CCL: Can Dock6.7 predict binding site?

[Scott Brozell <srb,+,osc.edu>]

 Sent to CCL by: Scott Brozell [srb^osc.edu]
 Hi,
 Short answers to your questions are
 1.  you identified the binding region(s); this could have been a single
 specific site or the whole receptor; see this tutorial for the recipe:
 http://dock.compbio.ucsf.edu/DOCK_6/tutorials/sphere_generation/generating_spheres.htm
 2.  Dock can be used to predict binding sites, but that is not its main
 intended purpose nor a particular strength.
 3.  Dock's main focus is receptor-ligand complexes.  Novel uses have been
 made in the past.
 For some more detail about binding site selection,
 see the response on the Dock mailing list:
 http://mailman.docking.org/pipermail/dock-fans/2016-February/003150.html
 For an overview of Dock, see
 http://dock.compbio.ucsf.edu/Overview_of_DOCK/index.htm
 scott
 On Thu, Feb 25, 2016 at 02:31:12AM -0500, Syeda Sumayya Tariq
 sumayyatariq7**gmail. com wrote:
 >
 > I have recently started working with Dock6.7 and have a little query.

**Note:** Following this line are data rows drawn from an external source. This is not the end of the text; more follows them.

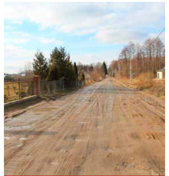
Stan obecny ul. Kościelnej w Niewodnicy Kościelnej na odcinku od cmentarza w kierunku Czaplina.

Obecnie Zarząd Dróg Powiatowych w Białymstoku dokonuje analizy złożonych ofert w postępowaniu przetargowym.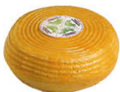
BAYERNLAND FORMAGGIO RIGATINO SV AL KG 5,89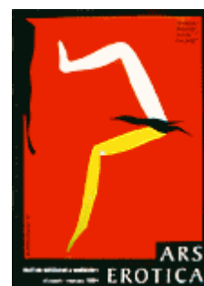
« Ars Erotica » Musée national de Varsovie 1994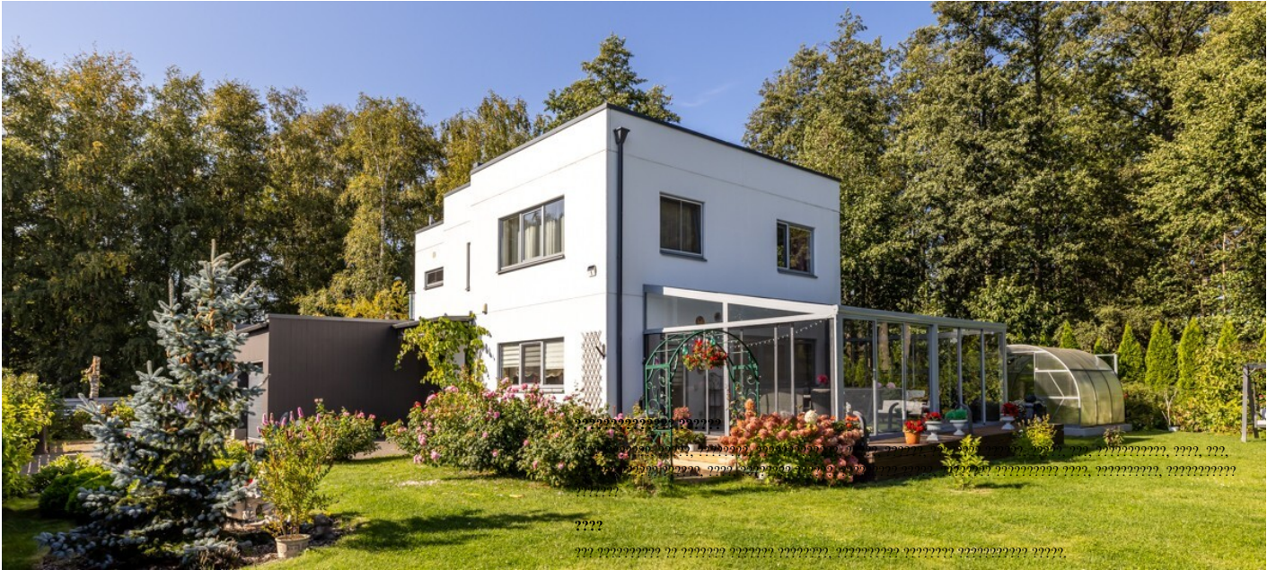
???, Kepsu tee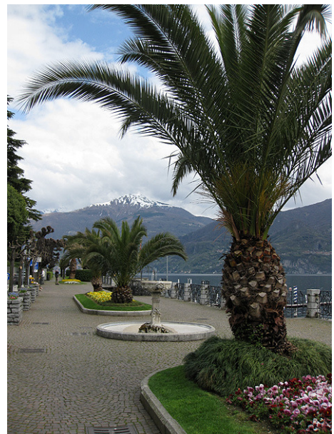
Rechts: De boulevard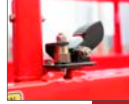
APERTURA A PIEDE PER ESTENSIONE PIATTAFORMA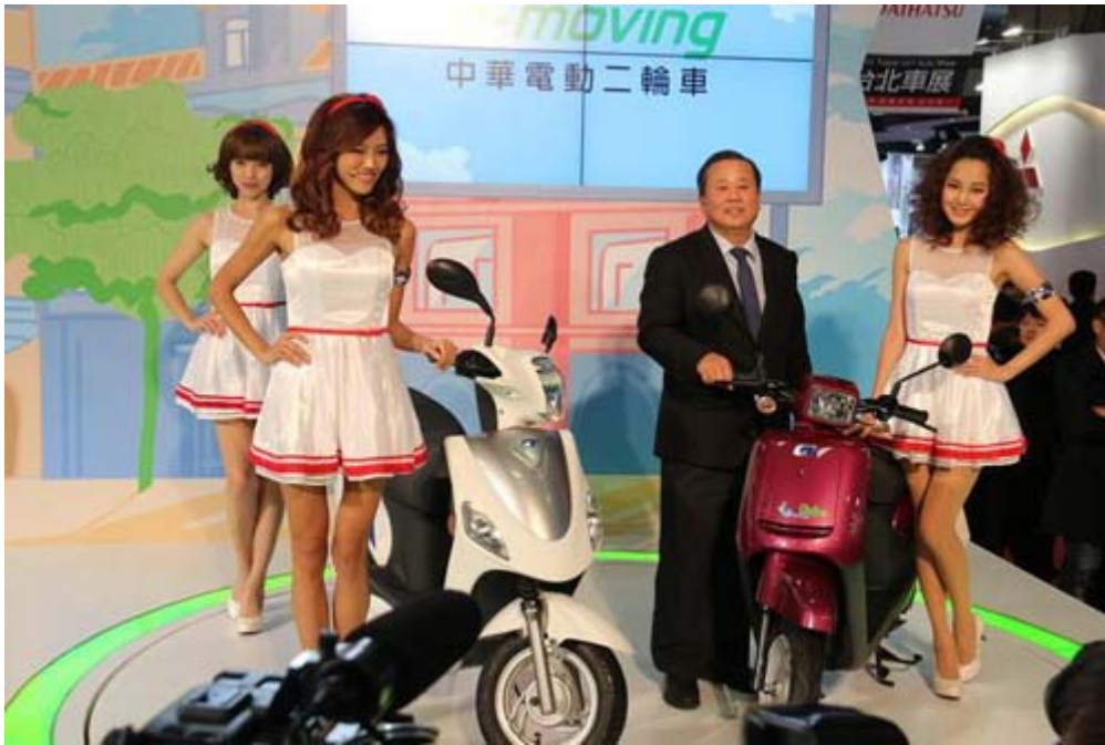
中華汽車自行開發設計的 e-moving 動動二輪車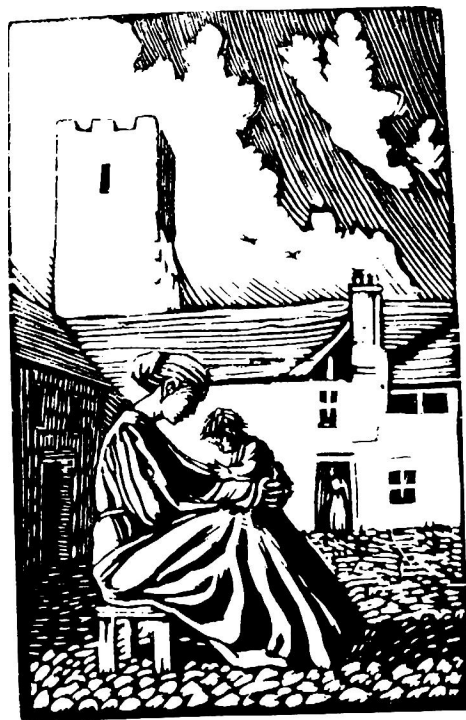
院 [ 英国 ] 格·拉弗雷 / 图

毕竟曾是大英帝国，英伦三岛的贵族气息犹浓。英国现在还保留着爵士封号，除了世袭的贵族，各个行业中拔尖的人物也可能成为爵士。有教养的英国人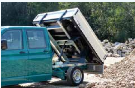
› Umbausatz Dreiseitenkipper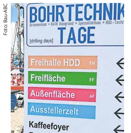
Ein breites Tagungs- und Eventprogramm locken ins Bau-ABC Rostrup.

überblick mit Erfahrungsaustausch zwischen Planern, Behörden, Herstellern und Anwendern. Besucher sind willkommen und haben freien Eintritt. Ergänzende Foyer-Vorträge bieten Fachleuten und Unternehmen die Gelegenheit, neueste Entwicklungen kurz und prägnant vorzustellen und mit dem Fachpublikum in Diskussion zu treten. Das Foyer befindet sich innerhalb der 5.000 Quadratmeter großen Exponatfläche mit rund 100 Ausstellern. Hauptaugenmerk ist laut Veranstalter die direkte Verbindung zwischen Theorie, Vortrag und dazugehöriger praktischer Vorführung im Austausch mit allen Beteiligten. Hierfür stehen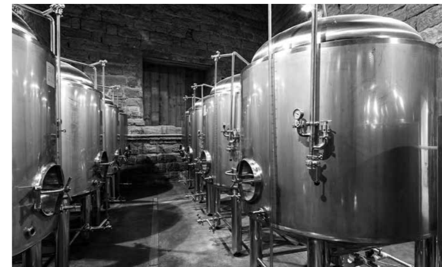
OBNOVENÝ PIVOVAR JE PŘÍSTUPNÝ PRO NÁVŠTĚVNÍKY A OD ROKU 2015 SE V NĚM OPĚT VAŘÍ PIVO.

Areál pivovaru v Lobči leží v CHKO Kokořínsko – Máchův kraj, jádro vesnice je památkovou zónou a samotný pivovar je zapsanou kulturní památkou. Od počátku proto byla nezbytná spolupráce jak památkářů, tak ochránců přírody. Ohlédnu-li se zpět, myslím, že se nám docela hezky podařilo nacházet při jednotlivých tématech společnou cestu a výsledek obnovy tomu také odpovídá. Časem ta spolupráce přerostla v partnerství.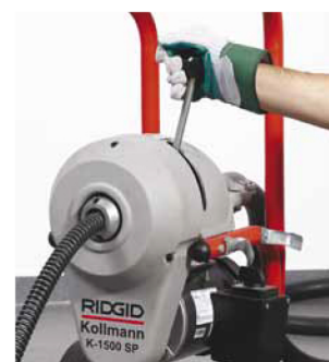
Uvolněním páky se spirála okamžitě zastaví

 > The issue is I have used Dock6.7 to dock a receptor protein with a small
 > molecule I retrieved from a database. The receptor site where docking
 > occurred shows some of the residues SAME as were predicted CPORT which is
 > responsible for predicting active residues.
 > My question is how did Dock identify the binding site? Is it by chance or
 > is Dock able to predict binding site also? Is it true that Dock can only
 > work with a receptor-ligand complex?